With the rapid biotechnological development, such as next-generation sequencing, different aspects of genomic heterogeneity have been uncovered in cancers[12], which dramatically speed the discovery of molecular biomarkers for precision diagnosis and therapy. For example, several molecular biomarkers have been developed for clinical practice in breast cancer (BC)[13,14], including PAM50 (Prosigna, South San Francisco, United States), OncotypeDx (Exact Sciences Corp., Madison, United States), and MammaPrint (Agendia, Amsterdam, Netherlands).

Figure 1 A schematic illustration for the study design.

In addition to cancer genomic heterogeneity, a significant number of studies have revealed the diversity of the microbiome in cancer and the roles of the microbiome in cancer development and response to therapies[15-18]. We have recently developed a novel cancer microbiome signature for predicting the prognosis of BC patients[19]. Given the importance of tissue histology, genomics, and microbiome in cancer diagnosis and treatment, efficient and effective integration of these multimodal data is believed to open a new era for precision oncology[20].

In this study, we developed a strategy to integrate multimodal data (Figure 1) and investigated whether iCEMIGE (integration of cell-morphometrics, microbiome, and gene biomarker signatures) improves the risk stratification of BC patients. We first used our recently developed machine learning technique (CMS-ML) to identify the CMBs from the WSIs in The Cancer Genome Atlas (TCGA) breast cancer (TCGA-BRCA) cohort and established a cellular-morphometrics prognosis score (CMPS). We then demonstrated that CMPS, together with our previously reported 12-gene expression prognosis score (GEPS)[21] and the 15-microbe abundance prognosis score (MAPS)[19] were independent prognostic factors. Finally, we established the iCEMIGE scoring system and assessed its clinical value and prognosis predictive power compared to GEPS, MAPS, and CMPS alone.

Study design and dataset

The TCGA-BRCA cohort was used in this study. The patient diagnostic tissue histology slides were downloaded from GDCportal (https://portal.gdc.cancer.gov/). TCGA-BRCA microbiome, transcriptome, and clinical data, including PAM50-based molecular subtypes, were downloaded from the cBioPortal (https://www.cbioportal.org/)[22,23]. No additional modifications were made to the downloaded data during our analyses.

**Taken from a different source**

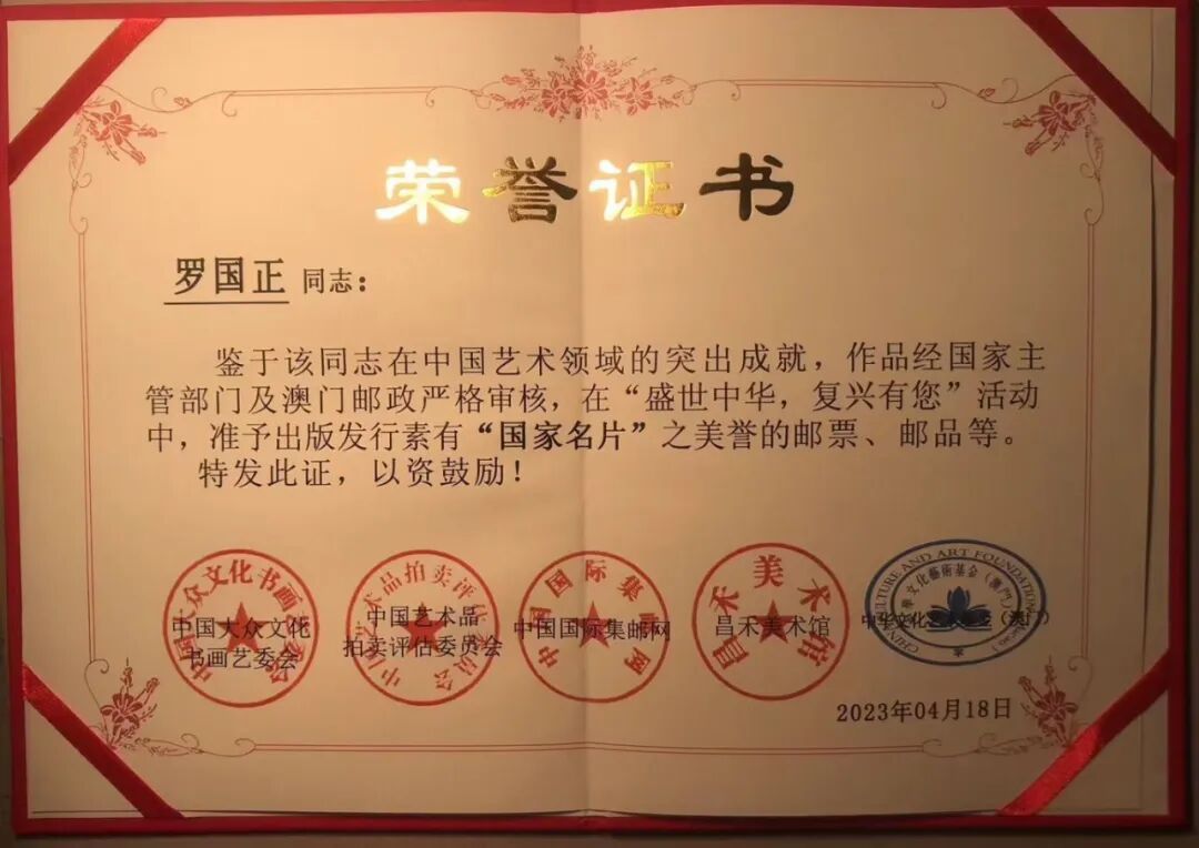罗国正先生热爱公益慈善事业,多年前他就全资赞助家乡修建多条道路和多项基础设施。近年来,他又赞助图书给全国各大图书馆和图书室有四千六百一十六家,其图书被包括国家图书馆、各大学和省、市、地方等图书馆收藏;支持和赞助多次多场的公益慈善拍卖,包括汶川地震期间,他也捐出大量的书画作品,所得巨款,他都不收分文,全部赞助给公益慈善单位。电视台和有关公益慈善单位发给他的奖状也有五十多次,还有很多是他没有留名而做的奉献超千次。

Figure 2 Prognostic value of the cellular morphometric biomarker signature.

Extraction of cellular morphometric characteristics and stratification of breast cancer patients

Following our previous work[10], we deployed an unsupervised feature learning pipeline, which was based on the stacked predictive sparse decomposition (SPSD)[24,25], for unsupervised discovery of underlying cellular morphometric characteristics from 15 cellular morphological features that were extracted from the diagnostic slides from the TCGA-BRCA cohort. 256 cellular morphometric biomarkers (CMB) were defined for cellular object representation. Specifically, we used a single network-layer with 256 dictionary elements (i.e., CMBs) and a sparsity constraint of 30 at a fixed random sampling rate of 1000 cellular objects per WSIs from the TCGA-BRCA cohort. The pre-trained SPSD model reconstructed each cellular region (represented as a vector of 15 morphometric properties) as a sparse combination of pre-defined 256 CMBs and thereafter represents each patient as an aggregation of all delineated cellular objects belonging to the same patient.

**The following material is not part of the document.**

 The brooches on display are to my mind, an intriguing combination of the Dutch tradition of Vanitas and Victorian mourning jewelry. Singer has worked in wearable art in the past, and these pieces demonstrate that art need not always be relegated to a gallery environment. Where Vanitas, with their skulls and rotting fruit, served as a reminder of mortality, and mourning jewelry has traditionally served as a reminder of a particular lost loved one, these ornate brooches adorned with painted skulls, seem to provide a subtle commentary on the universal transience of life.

Figure 3 iCEMlGE significantly outperforms cellular morphometric prognosis score, 15-microbe abundance prognosis score, and cellular morphometric prognosis score in prognosis prediction in the Cancer Genome Atlas breast cancer cohort.

The prognostic effect of high or low levels of each CMB on overall survival (OS) was assessed by Kaplan-Meier analysis (survminer package in R, Version 0.4.8) and log-rank test (survival package in R, Version 3.2-3), where the TCGA-BRCA cohort was divided into two groups (i.e., CMB-high and CMBlow groups) based on each CMB (survminer package in R, Version 0.4.8). The set of CMBs as a prognostic signature were selectedviaa multivariate CoxPH regression model including these CMBs with a significant effect on OS.

Finally, we calculated the cellular morphometric prognosis score (CMPS) using the formula below, where the coefficients of the final CMBs as categorical variables were obtained from multivariate CoxPH regression analysis:

Where N is the number of final CMBs that were independently and significantly associated with OS, andCMB_Categoryiis the category of theithCMB (i.e., CMB-high: 1; CMB-low: 0).

Mining of multi-modal iCEMIGE biomarker signature

We extended the unsupervised feature learning pipeline (SPSD)[24,25] to achieve efficient and effective mining of multi-modal biomarker signatures from prebuilt cellular-morphometrics, microbiome, and gene biomarkers. Given X = [x1,…,xN] ∈ Rm×Nas a set of patients (N) with a combination of biomarkers from different modalities (i.e., cellular-morphometrics, microbiome, and gene biomarkers), the formulation of the iCEMIGE multi-modal biomarker mining model was defined as follows.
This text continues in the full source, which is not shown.